Préalablement à la formulation d’une offre de prêt, le prêteur doit fournir à l’emprunteur, sur support papier ou tout autre support durable, un document mentionnant le coût de l’assurance qu’il propose (C. consom. art. L 313-8, al. 1).

Ce coût est exprimé en montant total en euros sur la durée globale du prêt. La loi Lemoine prévoit que le coût de l’assurance devra aussi être exprimé sur une durée de 8 ans (art. L 313-8, 2° modifié), qui correspond, selon le Comité consultatif du secteur financier (CCSF), à la durée moyenne de remboursement d’un crédit immobilier.

Le prêteur doit également joindre à ce document une fiche standardisée d’information (laquelle mentionne la possibilité pour l’emprunteur de choisir son assureur et indique les types de garanties proposées) et une notice d’information qui énumère les risques garantis et précise les modalités de mise en jeu de l’assurance (art.

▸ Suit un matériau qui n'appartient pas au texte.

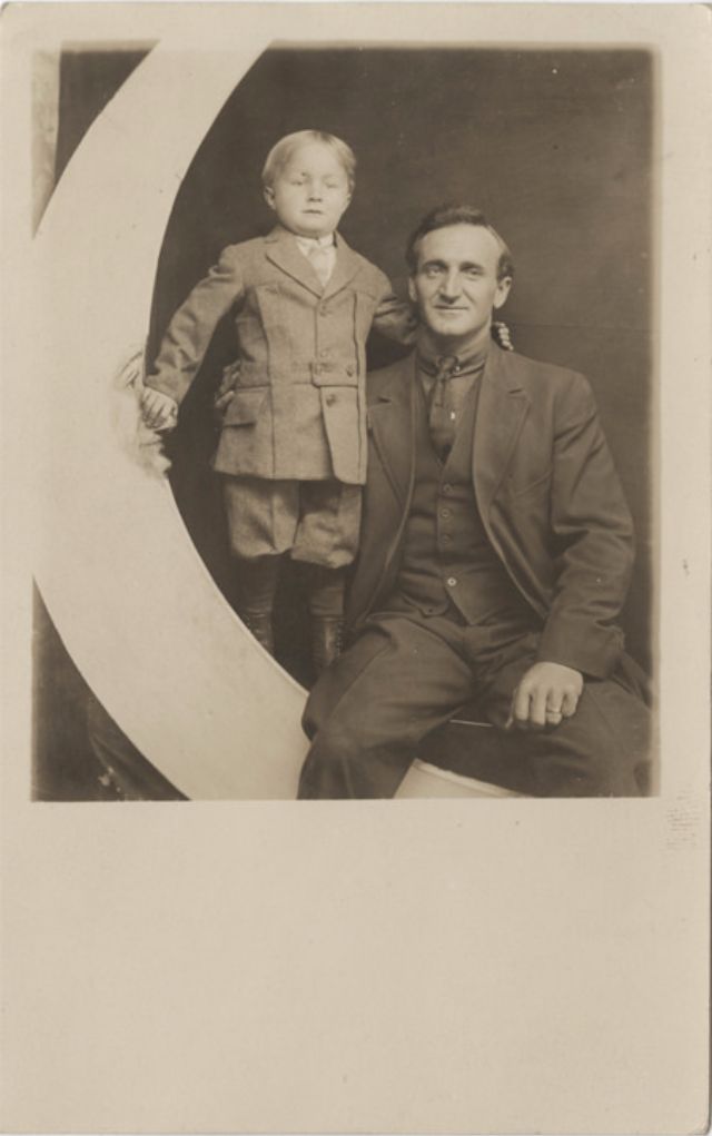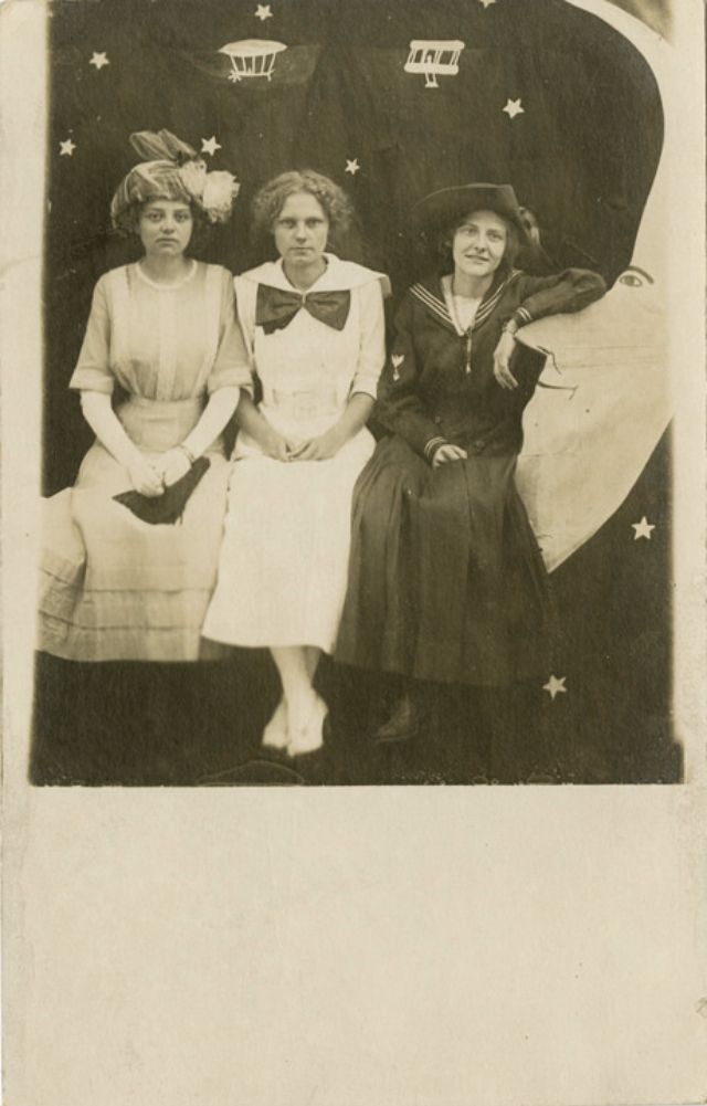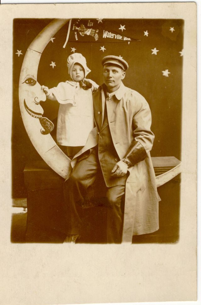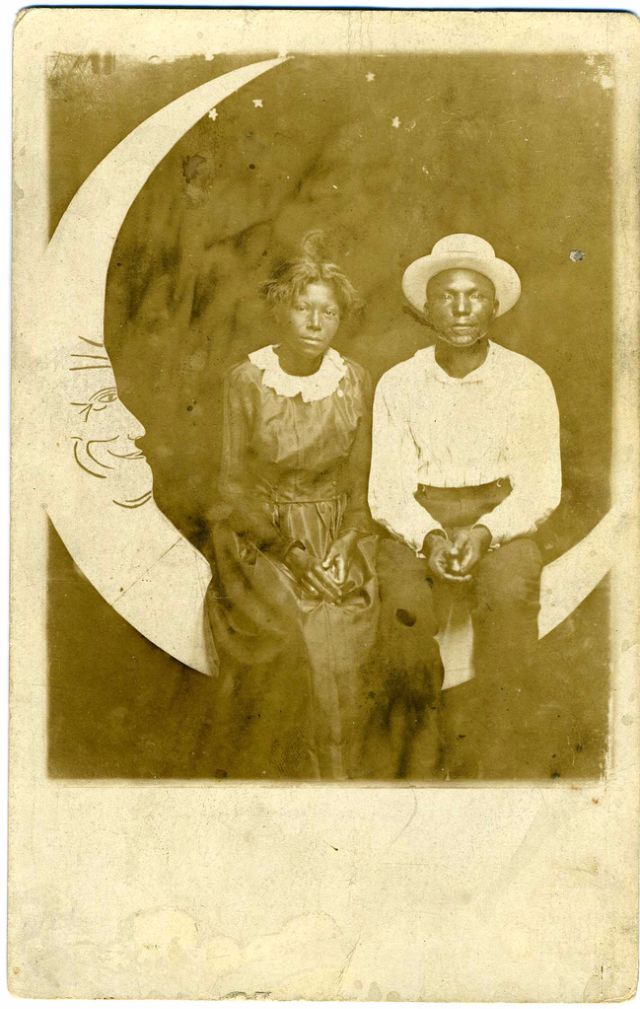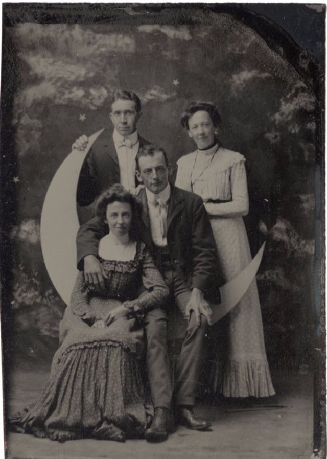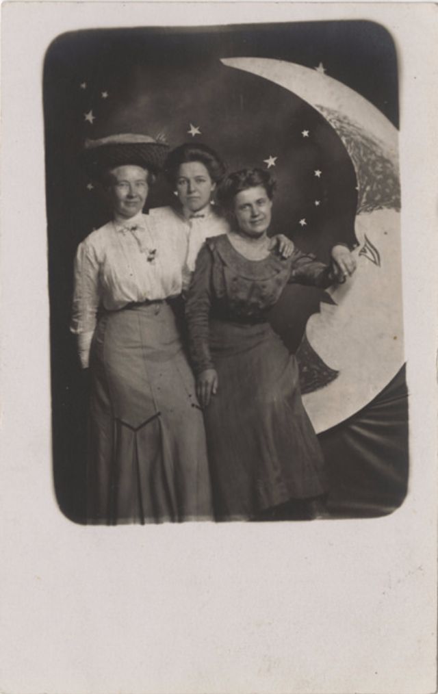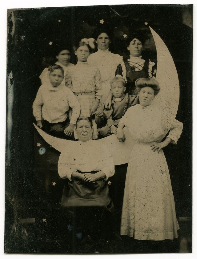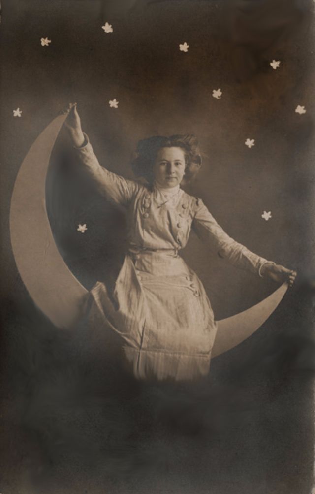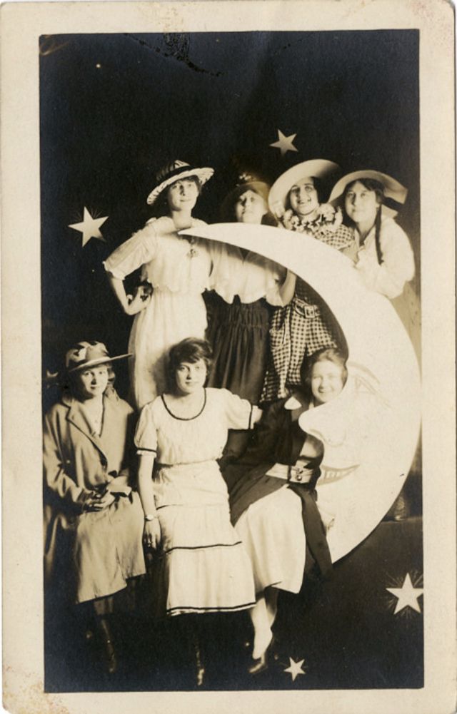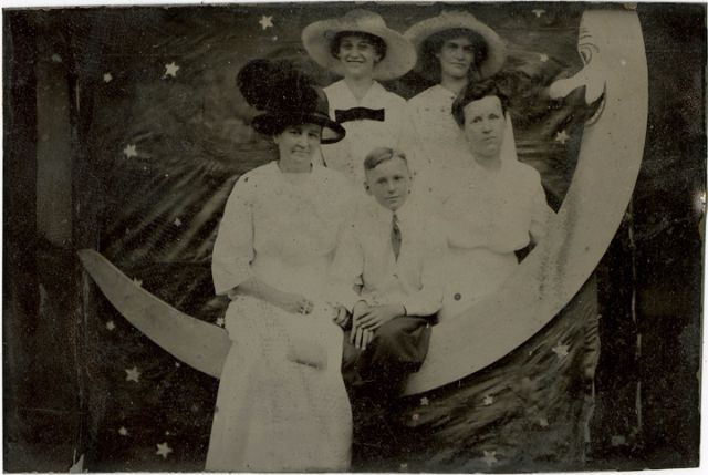Часто на ярмарках, вечеринках и карнавалах люди сидели на полумесяце улыбающейся "бумажной луны", как бы возносясь к звездам. Фотографический феномен начала 20-го века поразил воображение мира до фотошопа и подарил многим незабываемые образы прекрасных времен.

L 313-8, al. 6).

A compter du 1er juin 2022, cette notice devra aussi indiquer la possibilité pour l’emprunteur de résilier le contrat d’assurance à tout moment à compter de la signature de l’offre de prêt (même art. modifié).

Obligation d’information à la charge de l’assureur

La loi 2022-270 crée une nouvelle obligation à la charge de l’assureur : il devra informer chaque année l’emprunteur, sur support papier ou tout autre support durable, du droit qu’il aura de résilier le contrat d’assurance à tout moment, des modalités de résiliation et des différents délais de notification et d’information qu’il devra respecter (C. ass. art. L 113-15-3 nouveau).

Sanction encourue

Le prêteur ou l’assureur qui ne respectera pas les nouvelles obligations d’information s’exposera à une amende administrative maximale de 3 000 € s’il est une personne physique et de 15 000 € s’il est une personne morale (C. consom. art. L 341-26-1 et C. ass. art. L 113-15-3, nouveaux).

Accès facilité au crédit pour les personnes présentant un risque aggravé

Renforcement du « droit à l’oubli »

La convention Aeras, mise en place par la loi 2007-131 du 31 janvier 2007, facilite l’accès des personnes présentant un risque aggravé, en raison de leur état de santé ou d’un handicap, au crédit et à l’assurance des prêts. Elle a notamment créé un « droit à l’oubli », interdisant aux assureurs de demander, sur les personnes ayant souffert d’un cancer et désireuses de souscrire une assurance, des informations médicales sur ces pathologies (CSP art. L 1141-5, al. 4) :

  • plus de 10 ans après la fin du protocole thérapeutique pour les cancers diagnostiqués à partir de 21 ans ;

  • plus de 5 ans après la fin du protocole thérapeutique pour les cancers diagnostiqués plus tôt.     

La loi du 28 février 2022 uniformise le régime : le droit à l’oubli s’applique dans tous les cas dès lors que 5 ans se sont écoulés après la fin du protocole thérapeutique. De plus, elle en étend le bénéfice aux personnes anciennement atteintes d’hépatite C (CSP art. L 1141-5, al. 4 modifié). Sans précision de la loi, cette mesure est d’application immédiate.

Les signataires de la convention Aeras (pouvoirs publics ; représentants des banques et des assurances ; associations de malades et de consommateurs) devront engager une négociation avant le 1er juin 2022 pour notamment élargir le bénéfice du droit à l’oubli à d’autres pathologies que le cancer et l’hépatite C (le diabète, par exemple). En l’absence d’accord, cet élargissement sera fixé par décret, au plus tard le 31 juillet 2022 (Loi art. 9).

Suppression du questionnaire médical pour certains prêts immobiliers

Au moment de la conclusion du contrat d’assurance emprunteur, l’assureur interroge l’emprunteur afin d’apprécier plus précisément les risques qu’il prend en charge ; l’emprunteur est tenu de répondre exactement aux questions posées (C. ass. art. L 113-2, 2°).

A compter du 1er juin 2022, l’assureur ne pourra exiger aucune information sur l'état de santé ni aucun examen médical de l'emprunteur lorsque (art. L 113-2-1 nouveau) :

  • la part assurée sur l'encours cumulé des contrats de crédit n'excédera pas 200 000 € par emprunteur ;

  • l'échéance du remboursement du prêt interviendra avant les 60 ans de l’emprunteur.

Ces conditions seront cumulatives. Un décret pourra définir des conditions de montant et d’âge plus favorables pour l'emprunteur (même art.).